Completion of Identity Management Directions Project: Phase One
12 May 2008
The management of electronic identities at the University of Sydney is currently being improved. Phase 1 of ICT's Identity Management Directions project is now complete.
Since September last year, the Identity Management Directions (IDM) Project, under Project Manager Byron Williams, has been improving the process of creating and managing UniKeys for new staff and students. During Phase 1 of the IDM project an entirely new identity and access management system was built for the University, laying the groundwork for better management of electronic identities (UniKeys) and the entitlements associated with them. The new system also provides an audit trail across UniKeys, to better understand how errors come about and to detect instances where individuals have tried to provide system access to non-entitled UniKeys.
Currently, ICT's Strategy and Architecture area is working on defining the future directions for identity management. This includes work on understanding the 'identity lifecycle': the ways that people can be affiliated with the University and the entitlements associated with each mode of affiliation.
This work feeds into remodelling the way access to resources is managed on the role-based access control model. In essence, this entails building a set of policies that associate roles such as 'Undergraduate Student', with a corresponding set of entitlements.
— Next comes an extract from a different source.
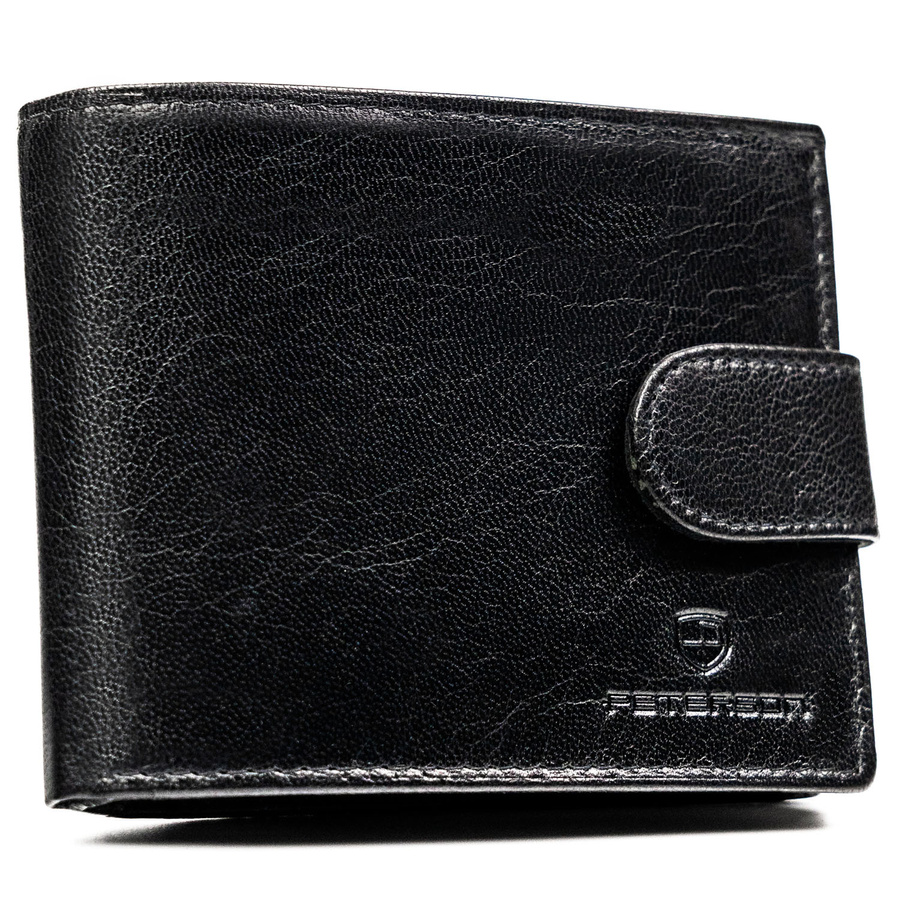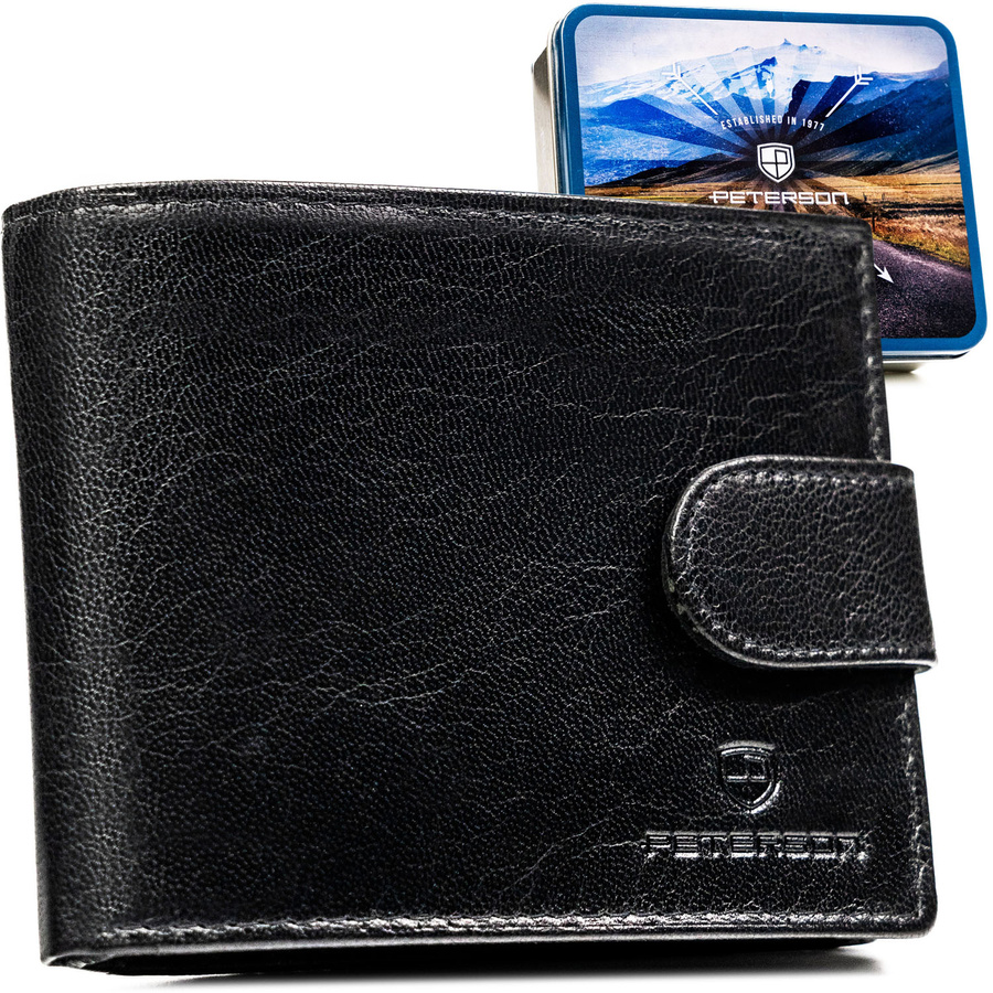 Poziomy portfel męski ze skóry naturalnej w czarnym kolorze w zestawie z brelokiem - Peterson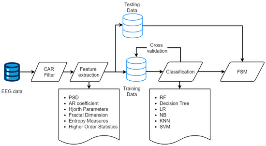 In the classification stage, we evaluated multiple machine learning models with our dataset. We split the data into training and testing sets to ensure robust model evaluation. The training set, comprising 80% of the data, was used to fit the models, while the remaining 20% was reserved for evaluating their performance. This allowed us to assess how well each model generalized to unseen data. The classifiers tested included Random Forest (RF), K-Nearest Neighbors (KNN), SVM, Naive Bayes (NB), Logistic Regression (LR), and Decision Tree (DT), chosen for their distinct advantages in handling EEG signal classification complexities.

These policies are then applied to each individual in the university when they try to access electronic resources.
This is not only beneficial in protecting resources, but provides a much more streamlined approach to granting and revoking entitlements to these resources, with much of it being done automatically based on their roles and affiliations within the university.
"I think that the most significant aspect of the project is that it brings an awful lot of rigor to the university environment that wasn't there beforehand," says Chris Albone, Technical Lead of the project.
"The aim of the system is one-person one-identity on the one hand, and on the other hand, ensuring that person can access the resources they are entitled to - and only those resources - in a timely fashion."
As a whole, the IDM project will increase security in terms of the uniform application of password policies, improve auditability due to the centralised storage of security policies, as well as improve timeliness when it comes to obtaining UniKeys for new staff and visiting scholars.